Overall, when tested on 40 prompts, DeepSeek was found to have a similar energy efficiency to the Meta model, but DeepSeek tended to generate much longer responses and therefore was found to use 87% more energy.
That’s kind of a weird benchmark. Wouldn’t you want a more detailed reply? How is quality measured? I thought the biggest technical feats here were ability to run reasonably well in a constrained memory settings and lower cost to train (and less energy used there).
The benchmark feels just like the referenced Jevons Paradox to me: Efficiency gains are eclipsed with a rise in consumption to produce more/better products.
More detailed and accurate reply is preferred, but length isn’t a quantifier for that. If anything that’s the problem with most LLMs, they tend to ramble a bit more than they need to, and it’s hard (at least with just prompting) to rein that in to narrow the answer to just the answer.
Longer!=Detailed
Generally what they’re calling out is that DeepSeek currently rambles more. With LLMs the challenge is how to get the right answer most sussinctly because each extra word is a lot of time/money.
That being said, I suspect that really it’s all roughly the same. We’ve been seeing this back and forth with LLMs for a while and DeepSeek, while using a different approach, doesn’t really break the mold.
This is more about the “reasoning” aspect of the model where it outputs a bunch of “thinking” before the actual result. In a lot of cases it easily adds 2-3x onto the number of tokens needed to be generated. This isn’t really useful output. It the model getting into a state where it can better respond.
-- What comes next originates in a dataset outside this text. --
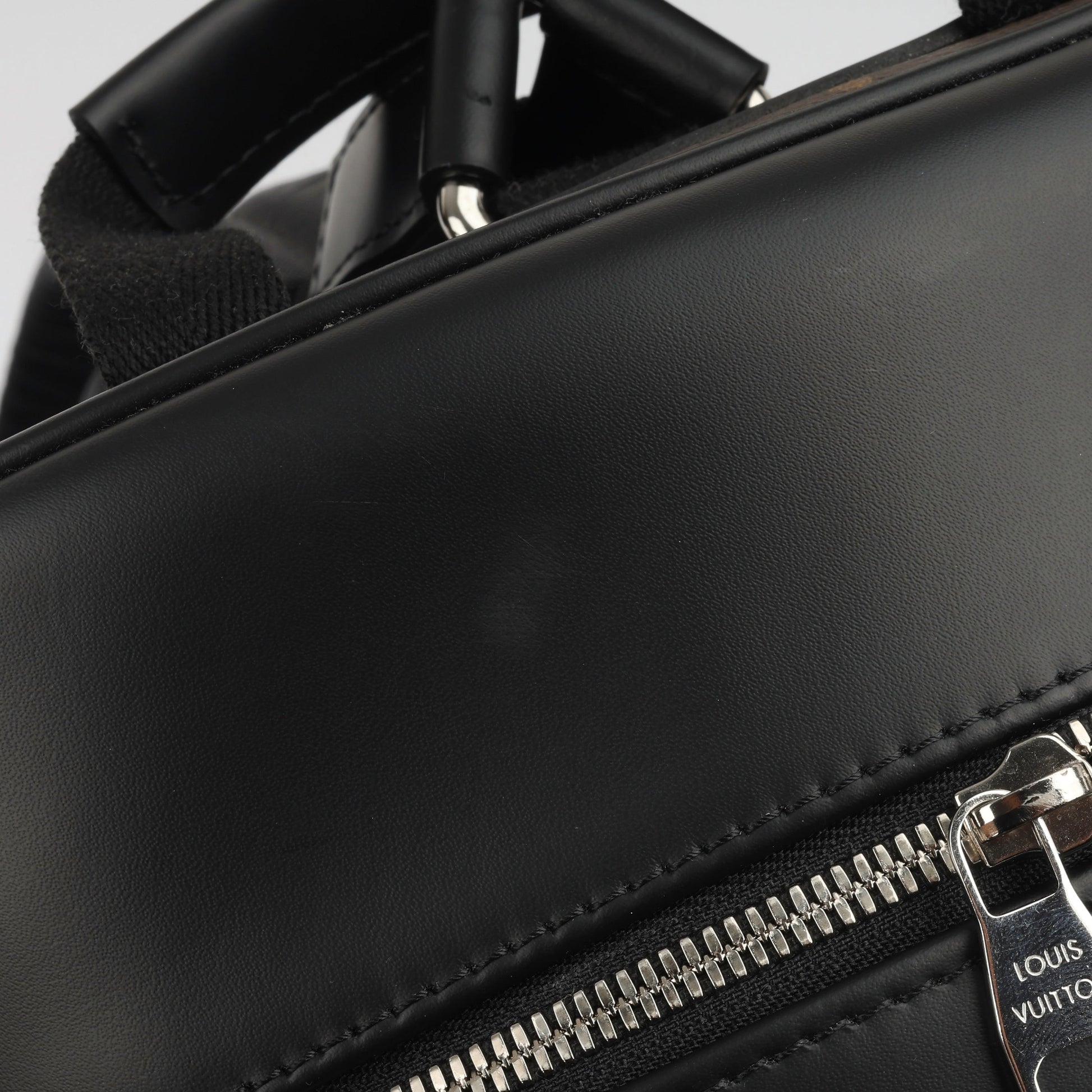 - Louis Vuitton embossed leather logo

The FUD is hilarious. Even an llm would tell you the article compares apples and oranges… FFS.
You might think this is apples and oranges, but I think it’s just another dimension: whether it’s better to have quality and bountiful output, or if such gains are eclipsed by the far wider appeal and adoption of such technologies. Just like how the cotton gin’s massive efficiency and yield increase in turning harvested cotton into clothing filling skyrocketed the harvesting of cotton.
The original claims of energy efficiency came from mixing up the energy usage of their much smaller model with their big model I think.
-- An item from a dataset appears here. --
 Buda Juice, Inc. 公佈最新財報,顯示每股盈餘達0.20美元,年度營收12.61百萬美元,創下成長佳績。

A bit flawed. What if the same prompts are used but both models are required to keep their responses equally brief?
So the answer, as always, is ban useless, power-sucking, unreliable, copyright-infringing AI.
Why do I feel that this will never happen? That we will continue to use this horrible technology to the end of our days with people constantly making excuses for its existence? Ugh.
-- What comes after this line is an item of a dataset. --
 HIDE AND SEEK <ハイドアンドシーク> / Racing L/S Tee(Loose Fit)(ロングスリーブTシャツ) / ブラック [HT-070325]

So the answer, as always, is ban useless, power-sucking, unreliable, copyright-infringing AI.
That’s naive. It’s way too late for any of that. If some country decided to ban AI, all the engineers will just move somewhere else.
Quit having residential rate payer subsidize this trash… they want to develop it, fine. Make them pay for it.
We don’t even get any economic benefits from these subsidies.